Rachel Rogers had been thinking that her life had finally reached an even keel. The single mom had gotten off public assistance and had at last found a full-time job with great advancement possibilities. Life certainly seemed to be moving in the right direction.
It was then that Rachel’s middle daughter, Julia, who had always been a bit of a hypochondriac, came home from eighth grade complaining of aches and pains. Rachel attributed it to an over-reaction to ordinary “growing pains.” Even as more complaints began to emerge, they all seemed to have logical explanations. Bruising on her legs was attributed to clumsiness caused by her growing body. An intermittent fever was from something she picked up at school. A remembered tick bite might be Lyme Disease, which the doctor did not even run a blood test for, indicating that it would be too early to get a consistent positive response. Even nose bleeds seemed the result of a bleeding disorder that runs in Rachel’s family.
Mounting symptoms, however, caused Rachel to bring Julia back to the doctor who ordered what Rachel thought was a routine blood test.
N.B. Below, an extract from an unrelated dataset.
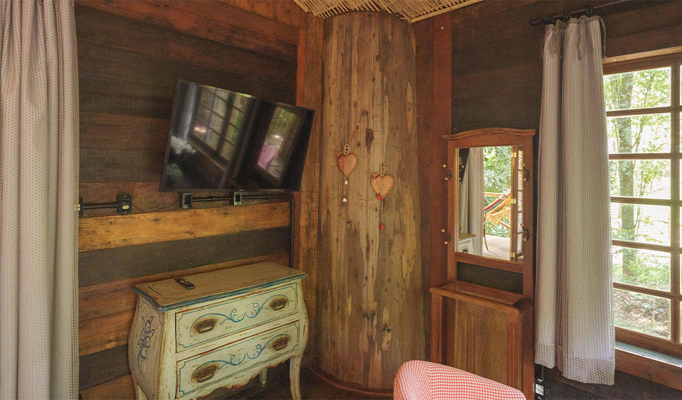 Suspenso a seis metros acima do solo, o Chalé da Árvore é um refúgio que proporciona mais do que uma simples hospedagem. Nele, você vai experimentar uma jornada envolvente, numa combinação perfeita de conforto e natureza.
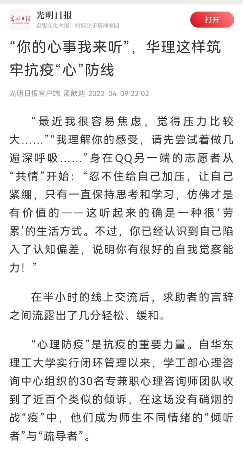 【光明日报客户端】“你的心事我来听”,华理这样筑牢抗疫“心”防线

With no health insurance, she was just glad that she had enough in her checking account to pay the $300.00 fee so the lab would run the test. But the next day, the doctor called Rachel and told her to take her daughter immediately to the emergency room. “Still,” Rachel said, “you don’t let yourself believe that anything really serious is happening.” While at the ER, Rachel went outside to make a phone call to arrange for the care of her younger children. “It was then,” she said, “that I knew something awful was happening. The doctor came out, put his arm around me and said, ‘This will be hard, but you will get through it.’ Then, even without having the final diagnosis, I started to panic.”
Almost immediately, the local hospital transferred Julia to Albany Med. It was there that Rachel finally heard the awful news: Julia had leukemia. When the cancer medications caused diabetes, Julia ended up in the hospital for two weeks. That’s when Rachel found the solace of Ronald McDonald House. Her first night there, she was so tired and distraught that she hardly noticed where she was. But as her new rhythm of life took shape, Rachel had a chance to look around. She called her mom and said, “Imagine yourself in a $300-a-night Bed and Breakfast. That’s where I think I am. This place is beautiful.”
Now, because of problems with Medicaid regulations, Julia cannot be treated near home, so she and Rachel make the trek to Albany every few weeks for continuing treatment. They have to be at the hospital for about a half hour for four successive days. Driving back and forth, though, would be too tiring for Julia and cause too much wear and tear on Rachel’s aging car. So Ronald McDonald House welcomes them each time. In fact, Julia, who is not yet able to return to school, finds Ronald McDonald House a sort of break in her narrowed life. She enjoys the peace of the house and the video and internet resources available there. “Everyone is so nice,” Julia says. “Everything you need is right there for you.” She also uses the Ronald McDonald Family Room at Albany Medical Center and loves to participate in the Beads of Courage program that was developed with the Leukemia Lymphoma Society in partnership with RMHC’s Community Grants program. “When Julia was the guest of honor at the Fashion Show this past summer,” Rachel remembers, “the staff treated her like a princess.”
“I don’t know what we would have done if there had been no Ronald McDonald House,” claims Rachel. “Without their support, I have no idea how we could have managed these ongoing treatments.” While Rachel worries about the future because she has not been able to continue her job and Julia still has radiation to deal with after the chemo, she delights in her daughter’s spirit. “Even now,” she says, “I can forget sometimes how sick she is when I see her smiling, laughing, learning and enjoying her life. Ronald McDonald House helps put that smile on her face and we are so grateful.”